New York coffee rallies to three-week peak

30 Jun, 2006

US arabica coffee futures settled up more than 2 percent at a three-week high on Wednesday, bolstered by speculative buying on colder-than-expected temperatures in top coffee producer Brazil, market sources said.
While traders did not anticipate a crop-damaging chill in Brazil, an unexpected drop in temperatures in hours was enough to prompt speculators to cover their short positions before the end of the quarter and a US holiday next week.
The New York Board of Trade's active coffee contract for September delivery climbed 2.40 cents to settle at 99.10 cents a lb, the contract's loftiest finish since June 8, after trading from 97.10 cents to 99.90 cents.
Back month arabica futures climbed 2.35 to 2.45 cents while front-month July gained 2.35 cents to 97.70 cents a lb. "There was some colder weather overnight (in Brazil) and there is talk of another cold front coming the next 12 to 14 days out," said a coffee trader at a commodity brokerage.
"There was a little bit of short-covering today," he added, pointing out that non-commercial participants were holding a net short position close to 10,000 lots of NYBOT arabica futures.
Brazilian coffee farms turned unexpectedly cold at dawn on Wednesday with temperatures falling near freezing, but trees remained unharmed by the cold snap, private Brazilian forecaster Somar said. "Cooler weather continues today, but then it should turn warmer.

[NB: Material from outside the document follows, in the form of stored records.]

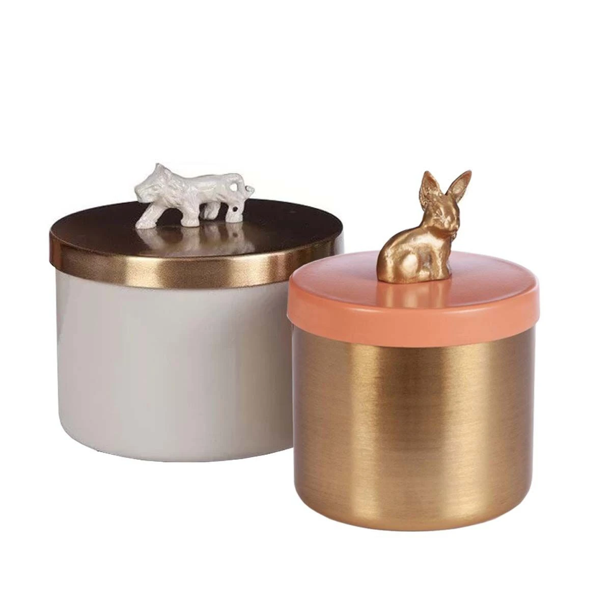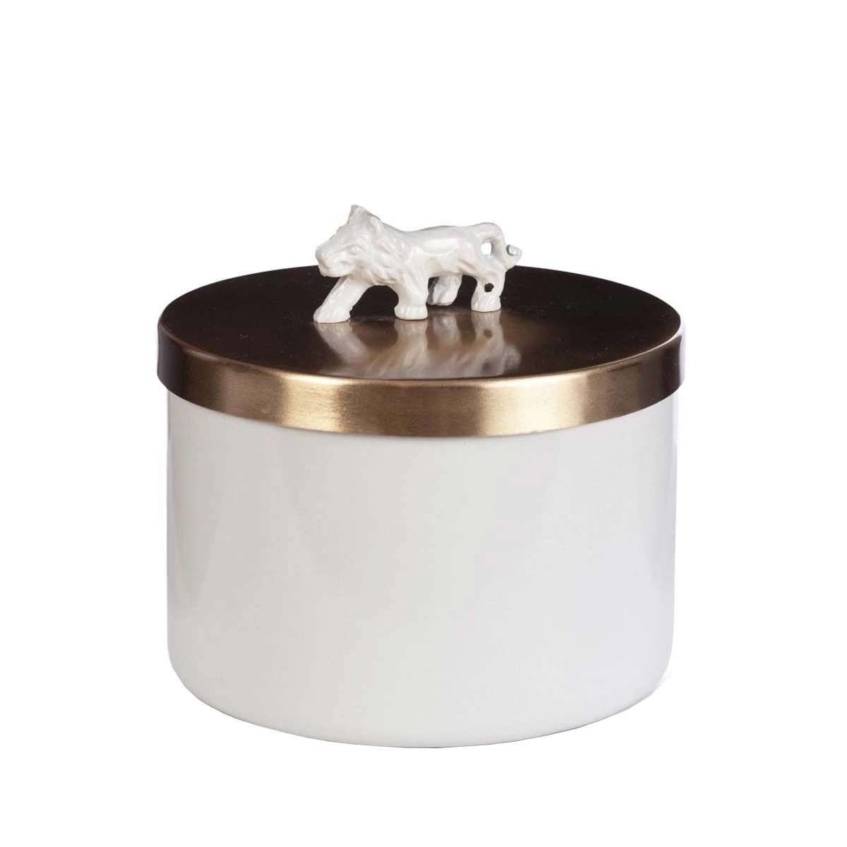 Couvercle doré avec lion en céramique blanc.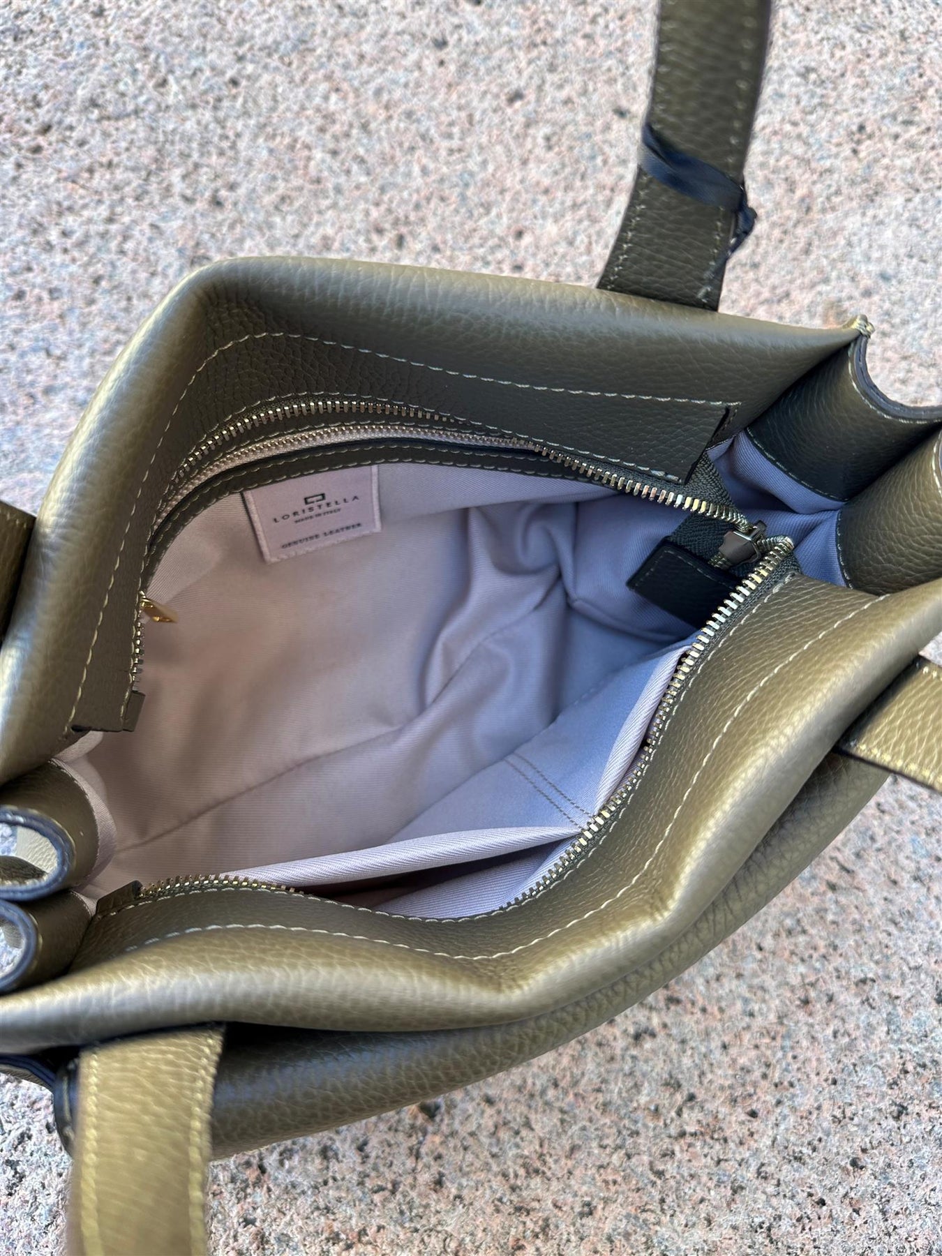 Vesken kommer i tre klassiske farger: oliven, blå og sort.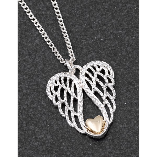 Angel Wings With Heart Two Tone Necklace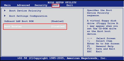 Bevor Sie Eee PC auf Werkseinstellungen zurücksetzen, müssen Sie den Boot-Booster deaktivieren. Andernfalls wird der BIOS-Bildschirm des Computers beim Start vom Boot Booster entfernt. Standardmäßig ist diese Option aktiviert, deshalb müssen wir zuerst die Option deaktivieren.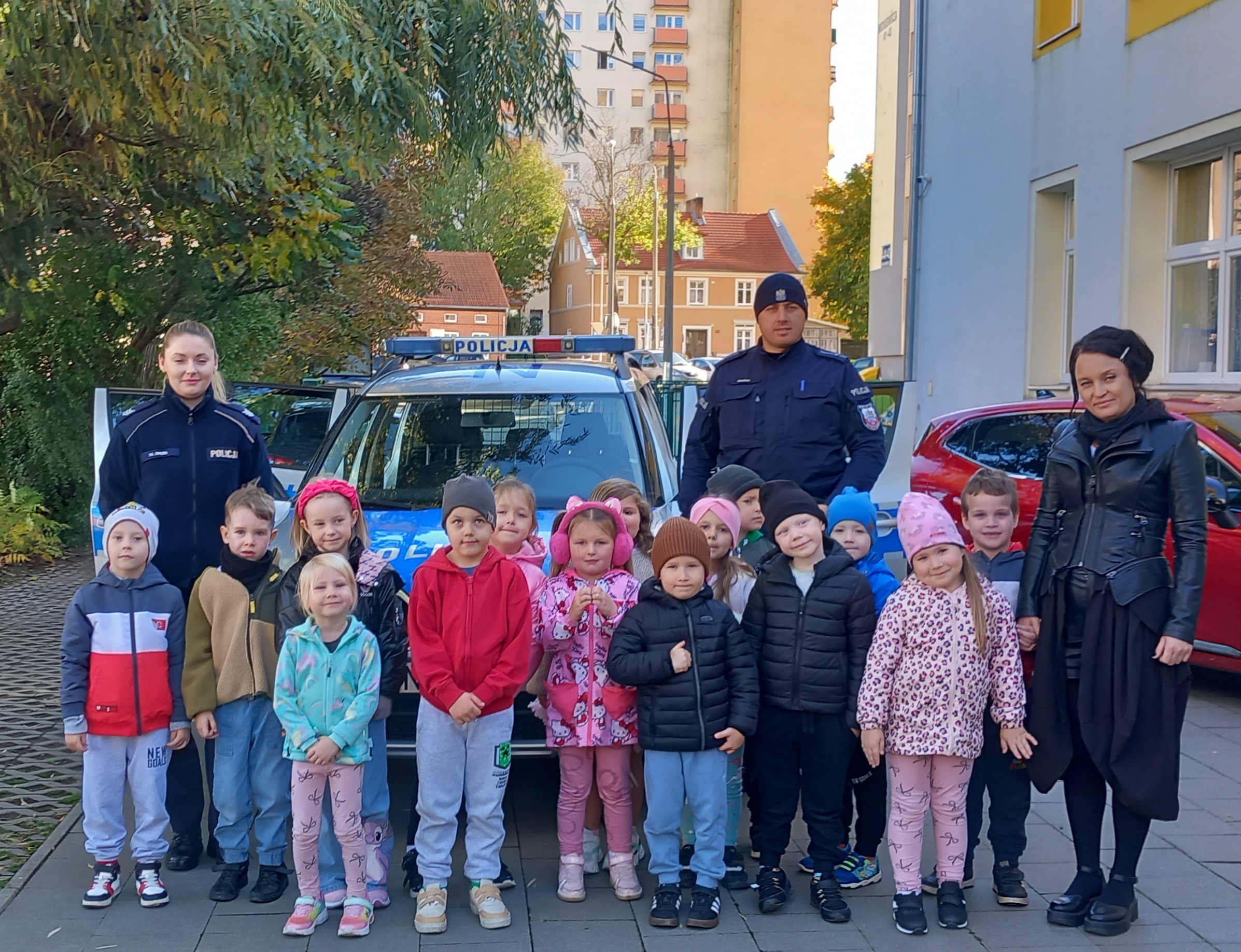 Nasze przedszkolaki miały okazję również zobaczyć radiowóz oraz usłyszeć syrenę.

We do not expect damaging cold to occur from this cooler weather," US forecaster Meteorlogix said in its daily crop weather report. Market participants are wary about crop-damaging frost harming the production potential of Brazil's 2007/08 crop, which is already expected to be significantly smaller than the 2006/07 harvest due to the biennial coffee crop cycle.
Brazil's 2006/07 (July/June) harvest is officially forecast to be about 23 percent higher than the previous season. "You are going into the guts of the winter in Brazil and the spec is short here, so they are pulling out positions," said Jack Scoville, a vice president at the Price Group.
"It is going to be cooler but not enough to really float anybody's boat just yet." Final estimated futures trading volume reached 18,781 contracts on the NYBOT, up from the 11,729 lots officially tallied the previous day.